UNASSIGNED: Herein, we establish that the TGFβ/ALK5 pathway robustly represses ANGPT2 (angiopoietin-2) in pericytes via epigenetic remodeling. TGFβ-driven SMAD (suppressor of mothers against decapentaplegic) 3/4 associates with TGIF1 (TGFβ-induced factor homeobox 1) and HDAC (histone deacetylase) 5 to form a corepressor complex at the Angpt2 promoter, resulting in promoter deacetylation and gene repression. Moreover, murine and human germinal matrix vessels display increased ANGPT2 expression during GMH-IVH. Isolation of vascular cells from murine germinal matrix identifies pericytes as a cellular source of excessive ANGPT2. In addition, mutant endothelial cells exhibit higher phosphorylated TIE2 (tyrosine protein kinase receptor). Pharmacological or genetic inhibition of ANGPT2 in mutants improves germinal matrix vessel morphology and attenuates GMH pathogenesis. Importantly, genetic ablation of Angpt2 in mutant pericytes prevents perinatal lethality, prolonging survival.

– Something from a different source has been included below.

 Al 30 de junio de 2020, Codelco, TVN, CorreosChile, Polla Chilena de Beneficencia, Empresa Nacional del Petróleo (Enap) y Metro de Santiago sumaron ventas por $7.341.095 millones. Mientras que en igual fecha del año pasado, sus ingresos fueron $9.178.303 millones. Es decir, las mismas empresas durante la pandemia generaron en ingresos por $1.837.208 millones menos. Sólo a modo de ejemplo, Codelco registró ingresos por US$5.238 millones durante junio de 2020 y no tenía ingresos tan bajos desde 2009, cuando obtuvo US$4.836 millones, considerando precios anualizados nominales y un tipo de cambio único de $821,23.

UNASSIGNED: This study demonstrates that TGFβ-mediated ANGPT2 repression in pericytes is critical for maintaining blood-brain barrier integrity and identifies pericyte-derived ANGPT2 as an important pathological target for GMH-IVH.
摘要:
■TGF(转化生长因子)-β途径是血脑屏障发育的核心,因为它调节周细胞和内皮细胞之间的串扰。脑周细胞(突变体)中缺乏TGFβ受体Alk5(活化素受体样激酶5)的小鼠胚胎显示内皮细胞过度增殖,血管形态异常,和大体生发基质出血-脑室内出血(GMH-IVH),导致围产期致死。非细胞周细胞中ALK5信号如何自主调节内皮细胞行为的潜在机制仍然难以捉摸。

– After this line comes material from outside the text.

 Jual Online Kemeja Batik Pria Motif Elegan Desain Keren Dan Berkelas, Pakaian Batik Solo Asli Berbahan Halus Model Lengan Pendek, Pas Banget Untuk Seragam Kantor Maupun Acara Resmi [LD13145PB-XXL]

■使用ALK5沉默的人脑周细胞的转录组学分析鉴定了差异基因表达。从具有GMH-IVH的突变胚胎小鼠和早产人IVH脑样品中分离的脑血管细胞用于靶标验证。最后,药理学和遗传抑制用于研究对GMH-IVH病理的治疗作用。
■这里,我们确定TGFβ/ALK5途径通过表观遗传重塑强烈抑制周细胞中的ANGPT2(血管生成素-2)。TGFβ驱动的SMAD(母亲对十性截瘫的抑制作用)3/4与TGIF1(TGFβ诱导的同源异型盒1)和HDAC(组蛋白脱乙酰酶)5结合,在Angpt2启动子处形成共阻遏复合物,导致启动子脱乙酰和基因抑制。此外,鼠和人生发基质血管在GMH-IVH期间显示ANGPT2表达增加。从鼠生发基质中分离血管细胞将周细胞鉴定为过量ANGPT2的细胞来源。此外,突变的内皮细胞表现出更高的磷酸化TIE2(酪氨酸蛋白激酶受体)。突变体中ANGPT2的药理学或遗传学抑制改善生发基质血管形态并减弱GMH发病机理。重要的是,突变周细胞中Angpt2的遗传消融可防止围产期致死,延长生存期。
■该研究表明,周细胞中TGFβ介导的ANGPT2抑制对于维持血脑屏障完整性至关重要,并将周细胞衍生的ANGPT2确定为GMH-IVH的重要病理靶标。
■使用ALK5沉默的人脑周细胞的转录组学分析鉴定了差异基因表达。从具有GMH-IVH的突变胚胎小鼠和早产人IVH脑样品中分离的脑血管细胞用于靶标验证。最后,药理学和遗传抑制用于研究对GMH-IVH病理的治疗作用。
■这里,我们确定TGFβ/ALK5途径通过表观遗传重塑强烈抑制周细胞中的ANGPT2(血管生成素-2)。TGFβ驱动的SMAD(母亲对十性截瘫的抑制作用)3/4与TGIF1(TGFβ诱导的同源异型盒1)和HDAC(组蛋白脱乙酰酶)5结合,在Angpt2启动子处形成共阻遏复合物,导致启动子脱乙酰和基因抑制。此外,鼠和人生发基质血管在GMH-IVH期间显示ANGPT2表达增加。从鼠生发基质中分离血管细胞将周细胞鉴定为过量ANGPT2的细胞来源。此外,突变的内皮细胞表现出更高的磷酸化TIE2(酪氨酸蛋白激酶受体)。突变体中ANGPT2的药理学或遗传学抑制改善生发基质血管形态并减弱GMH发病机理。重要的是,突变周细胞中Angpt2的遗传消融可防止围产期致死,延长生存期。
■该研究表明,周细胞中TGFβ介导的ANGPT2抑制对于维持血脑屏障完整性至关重要,并将周细胞衍生的ANGPT2确定为GMH-IVH的重要病理靶标。